→ Instructions to follow
Set the listing down again exactly, please, apart from its pictures.

→ Data shown
********
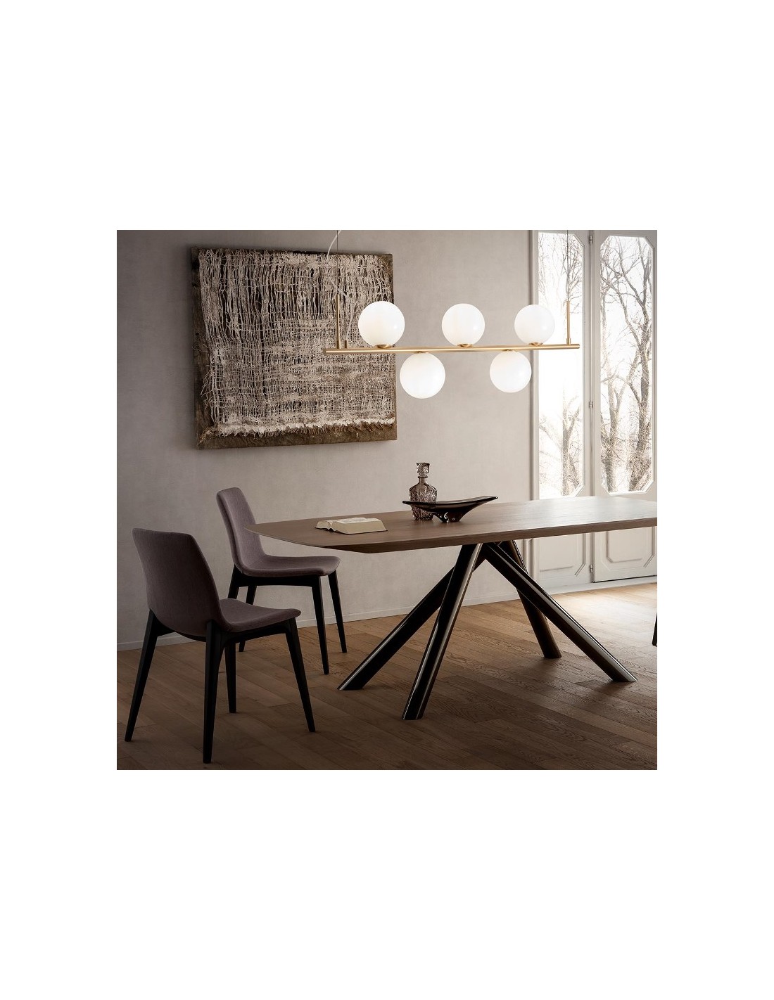TALIS loftlampe udført i et design fremstillet i aluminium og glas. Lampen måler 154 cm i højden og 115 cm i bredden og anvender 5 x E14 lyskilder (Ekskl.).
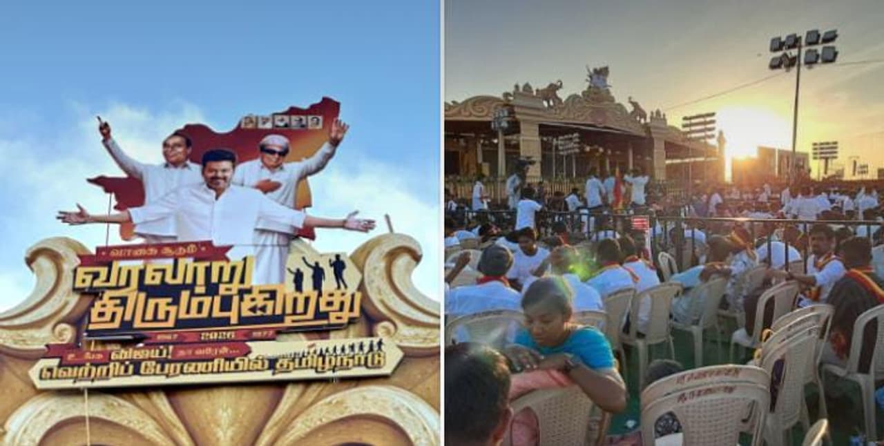 தவெக தலைவர் விஜய் முதல் மாநாட்டை 2024ம் ஆண்டு அக்டோபர் 27-ம் தேதி விழுப்புரம் மாவட்டம் விக்கிரவாண்டியில் வெற்றிகரமாக நடத்தி முடித்த கையோடு இரண்டாது மாநாடு மதுரை மாவட்டம் பாரபத்தியில் 500 ஏக்கர் பரப்பளவில் பிரமாண்டமாக இன்று நடைபெற உள்ளது. இதற்காக நேற்று இரவு முதலே மாநாட்டு அரங்கத்தில் தொண்டர்கள் குவிய தொடங்கியுள்ளனர். இந்நிலையில் மாநாடு மேடையில் பிரம்மாண்ட முறையில் அண்ணா, எம்ஜிஆர் நடுவில் விஜய் இருப்பது போல் பேனர் அமைக்கப்பட்டுள்ளது. இது அரசியல் களத்தில் பேச்சு பொருளாக மாறி உள்ளது.
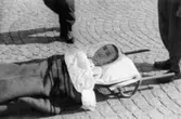 "Karantänsförläggning" på Kvarnbyskolan för flyktingar från koncentrationsläger i Tyskland 1945. En manlig flykting med en sköterska.
********
→ Output of the task
TALIS loftlampe udført i et design fremstillet i aluminium og glas. Lampen måler 154 cm i højden og 115 cm i bredden og anvender 5 x E14 lyskilder (Ekskl.).
 தவெக தலைவர் விஜய் முதல் மாநாட்டை 2024ம் ஆண்டு அக்டோபர் 27-ம் தேதி விழுப்புரம் மாவட்டம் விக்கிரவாண்டியில் வெற்றிகரமாக நடத்தி முடித்த கையோடு இரண்டாது மாநாடு மதுரை மாவட்டம் பாரபத்தியில் 500 ஏக்கர் பரப்பளவில் பிரமாண்டமாக இன்று நடைபெற உள்ளது. இதற்காக நேற்று இரவு முதலே மாநாட்டு அரங்கத்தில் தொண்டர்கள் குவிய தொடங்கியுள்ளனர். இந்நிலையில் மாநாடு மேடையில் பிரம்மாண்ட முறையில் அண்ணா, எம்ஜிஆர் நடுவில் விஜய் இருப்பது போல் பேனர் அமைக்கப்பட்டுள்ளது. இது அரசியல் களத்தில் பேச்சு பொருளாக மாறி உள்ளது.
 "Karantänsförläggning" på Kvarnbyskolan för flyktingar från koncentrationsläger i Tyskland 1945. En manlig flykting med en sköterska.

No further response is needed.